If drug companies refuse to negotiate
in good faith, the bill allows Medicare to authorize generic drug companies to
produce the medicine in question, even if the product has patent protection or
government-granted marketing exclusivity. The brand-name drug company would be
given a royalty if this occurred. Until the maker of generic drugs starts
production, Medicare would be guaranteed a price that is the average of
the cost paid for the medicine in other wealthy, developed European countries
during any interim period while generic companies gear up manufacturing. Most
other countries have government negotiations and get lower prices than the
United States.
“It would be a total capitulation to
pharma from what we can tell, to prefer a narrow and conservative binding
arbitration model over [Dogett’s] bill,” said Peter Maybarduk, director of
Public Citizen’s Access to Medicines Program. “We believe the public is
clamoring for more muscular action,” he added, saying that Doggett’s drug
pricing bill is clearly leading and where the Democratic caucus wants to go.
“Poll after poll shows that lowering
drug prices is a top concern for the American people," Social Security
Works' Lawson added. "They also show that maintaining access to needed
drugs is equally important. ... Negotiating with licenses is the best and most
popular way forward. It accomplishes both goals by directly negotiating lower
prices without putting patients’ access in pharma’s greedy crosshairs.”
The disagreements are already stoking
concerns the party is fumbling its chance to tackle drug costs, with some
involved perceiving a lack of urgency from party leaders on the issue.
Several members have spent years formulating a series of policy proposals, yet
House Democrats have yet to articulate a clear plan of attack beyond assurances
that it’s a top priority for leadership and for top Democrats on the Energy and
Commerce Committee.
“It’s a work in progress at this
point,” said Rep. Peter Welch (D-Vt.), who has introduced multiple drug pricing
bills, including one giving Medicare broad leeway to negotiate prices. “There’s
always concern about how long it’ll take. … We’re moving. My concern is that we
get a specific outcome that lowers drug prices, and I don’t know how much time
that’s going to take.”
Any drawn-out process could give
Republicans an opening to introduce their own drug price reforms and begin to
dictate terms of the debate.
“Energy and Commerce needs to, frankly,
pick up the pace because we’re concerned they’re going to get preempted by
Senate Republicans,” said one individual familiar with Democrats’

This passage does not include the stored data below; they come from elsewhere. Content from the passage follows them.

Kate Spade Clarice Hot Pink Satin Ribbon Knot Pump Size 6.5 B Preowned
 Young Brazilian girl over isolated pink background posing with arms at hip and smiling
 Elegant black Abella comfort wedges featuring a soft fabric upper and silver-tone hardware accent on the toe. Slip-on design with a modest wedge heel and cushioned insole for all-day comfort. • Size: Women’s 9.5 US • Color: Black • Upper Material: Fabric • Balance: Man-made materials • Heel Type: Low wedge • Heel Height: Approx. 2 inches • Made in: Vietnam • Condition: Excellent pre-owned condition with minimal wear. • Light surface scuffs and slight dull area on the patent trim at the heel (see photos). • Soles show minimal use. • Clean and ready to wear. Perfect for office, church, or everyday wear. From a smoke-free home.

deliberations. “It is concerning we’re seeing such a slow-walking.”
But some lawmakers are signaling the
Democrats will be deliberative and avoid rushing. “It will take a while,”

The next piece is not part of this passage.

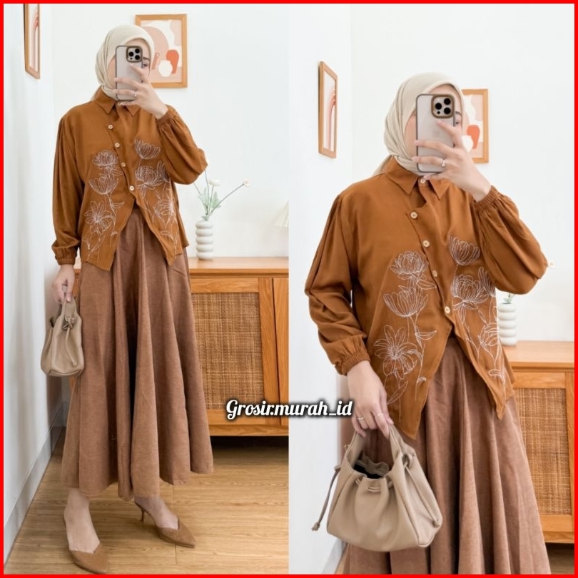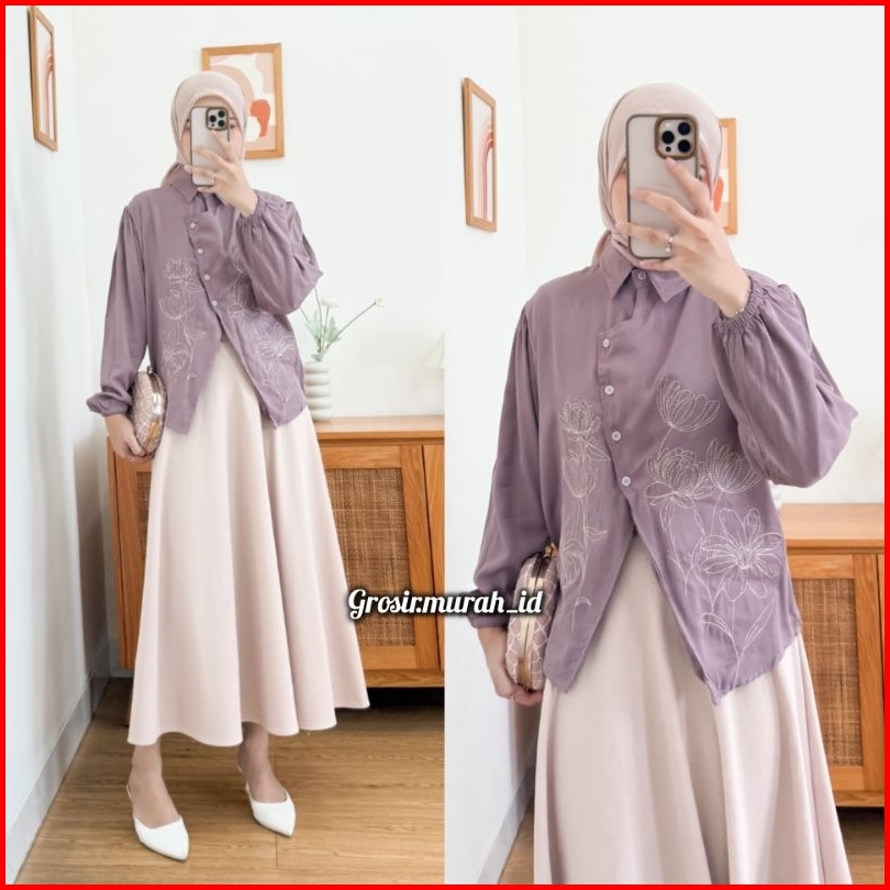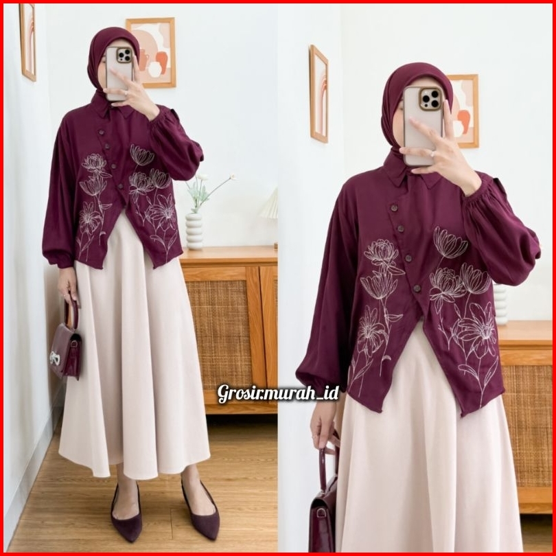 Renata Blouse Bordir Bunga Rayon Twill Berkerah

Doggett said. He remained committed to exploring the range of ideas to see what
generates the most support. “And hopefully out of the hearings we are doing and
the various committees, we will be able to identify shortcomings as well as
strengths.”
Energy and Commerce health subcommittee
Chairwoman Anna Eshoo (D-Calif.) characterized her committee’s work as still in
its early stages. But she defended taking a meticulous approach.
“You really need to know at some point
what the traffic will bear,” she told POLITICO. “You can have a brilliant idea,
thought out step by step, detail by detail, and if you don’t have enough votes,
it doesn’t matter. It just doesn’t matter.”